Installation and configuration of Windows NT Server 4

When I set out to install Windows NT Server 4 at home, I already had a lot of the tools in place. I had two Windows 95 machines (each with a 10/100 Network Interface Card) networked via a crossover Cat5 cable. While I initially networked these machines for gaming, I ultimately wanted to use them as the foundation for my networking test bed. I already had a 4 port fast Ethernet hub and a standalone laptop computer. By purchasing some additional cable and a PCMCIA network card for my laptop, I planned to build a LAN around a server and two workstations. Since this class is the first in a series of networking classes, I thought it was only fitting to build the network for my first class project and have it available for subsequent lessons and experimentation. I can only learn so much in books. Having a working LAN only a few feet away gives me an excellent opportunity to apply what I’ve learned and see some of these mechanisms in action.
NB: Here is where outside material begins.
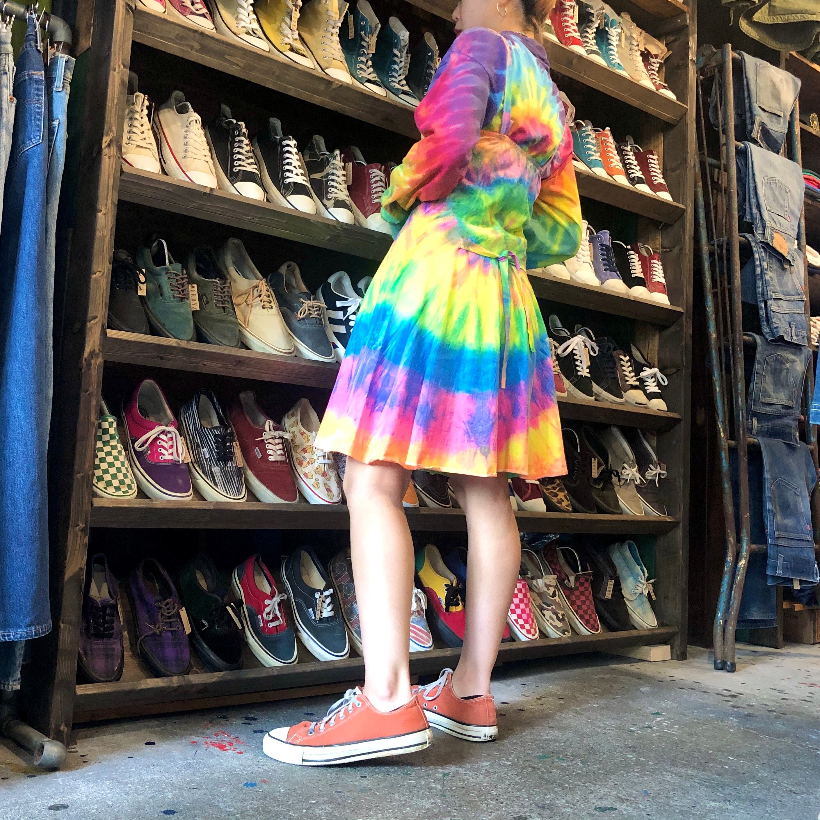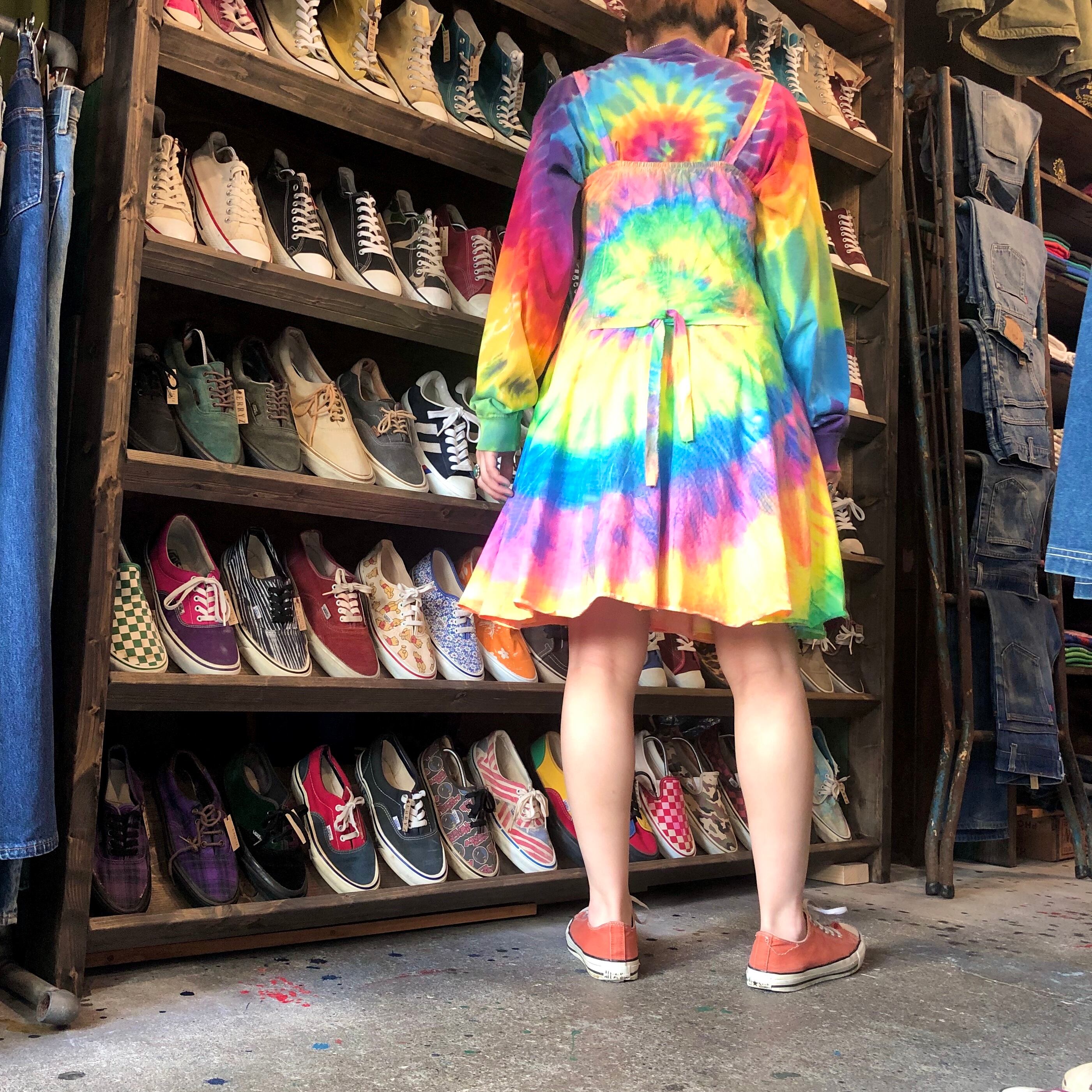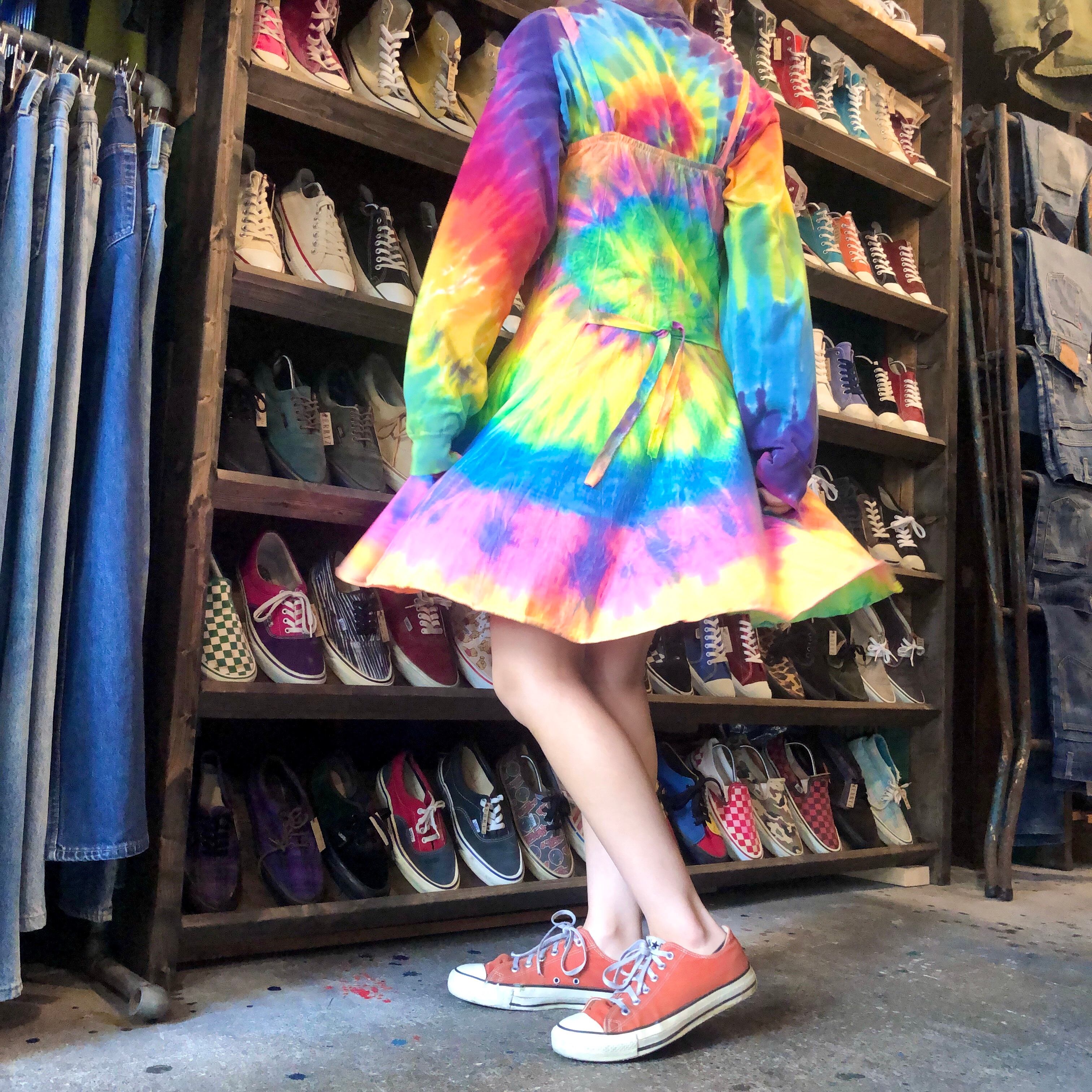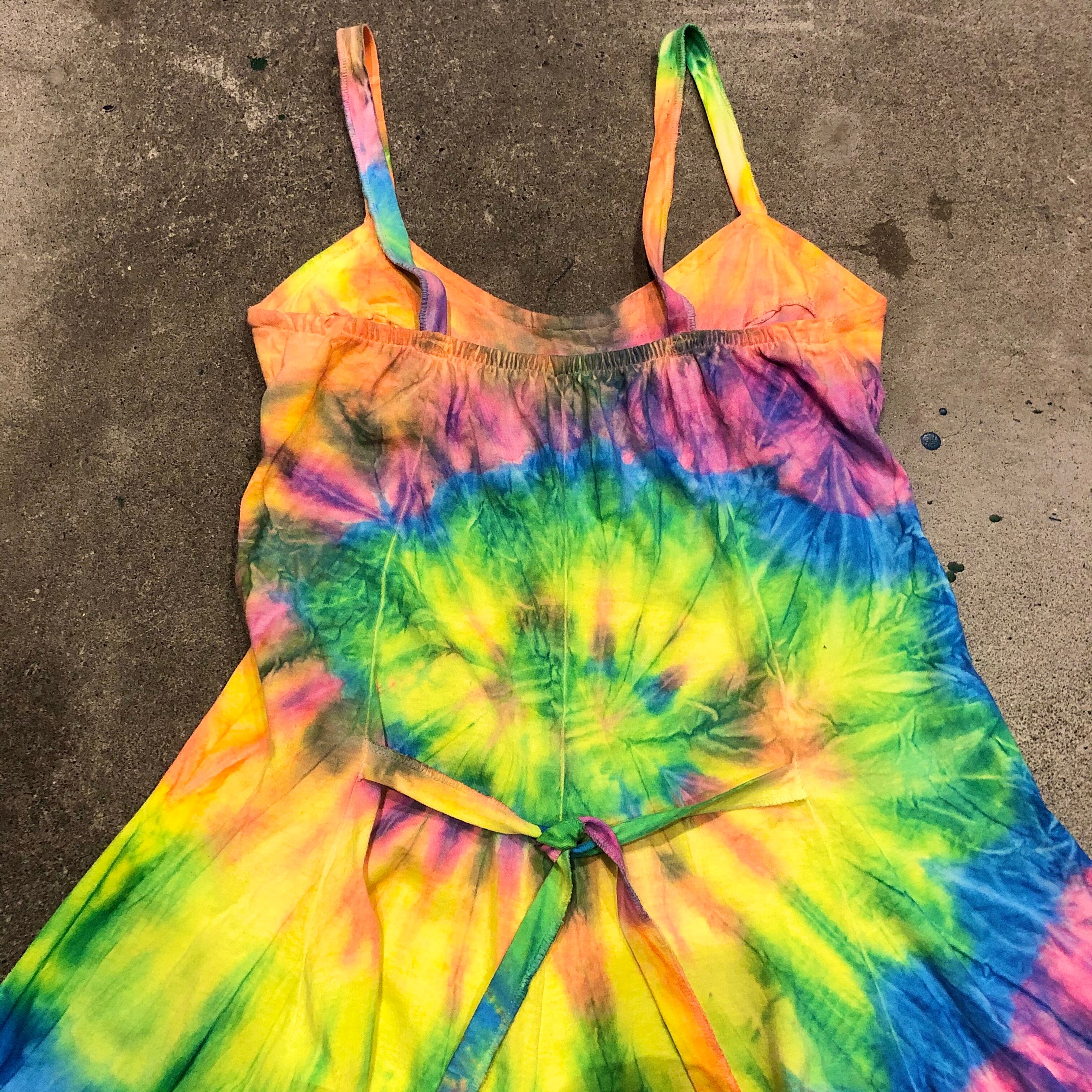 蛍光色っぽいカラーリングのタイダイワンピースです。フェスや海が似合いそうですね!一枚で着るのはもちろん、上にTシャツなどを合わせてスカート部分だけ見せればそんなに派手になりすぎず使えそうです。形がとてもきれいなところもポイントです。

Before I could think about the networking details, I had to find out whether NT Server would run on my computer and then decide where to put it. If any of my existing hardware was incompatible, I’d have to consider swapping parts or using a different machine entirely. I probably wouldn’t have taken this as seriously if it weren’t for a friend’s warning. He had tried to install NT Server at work—his problems started during the hardware setup phase of the installation. NT didn’t recognize the IDE controller and he was forced to swap it out for a SCSI drive. (One of my books says that server has broader support for SCSI cards than IDE, interesting when you consider the prevalence and comparable performance of IDE controllers nowadays). This prompted me to check my system against Microsoft’s Hardware Compatibility List. (The list is available on Microsoft’s web site: it’s updated on a regular basis and searchable by manufacturer as well type). The most important components were listed as compatible: my IDE controller, graphics accelerator, and modem were listed. My hard drive wasn’t, but there were plenty by the same manufacturer. And since the controller was given the thumbs up, I figured I was half way there. I didn’t find my NIC in the list either, but drivers were available from the manufacturers web site. I visited the web sites of various hardware manufacturers and downloaded any necessary drivers or updates before starting the installation.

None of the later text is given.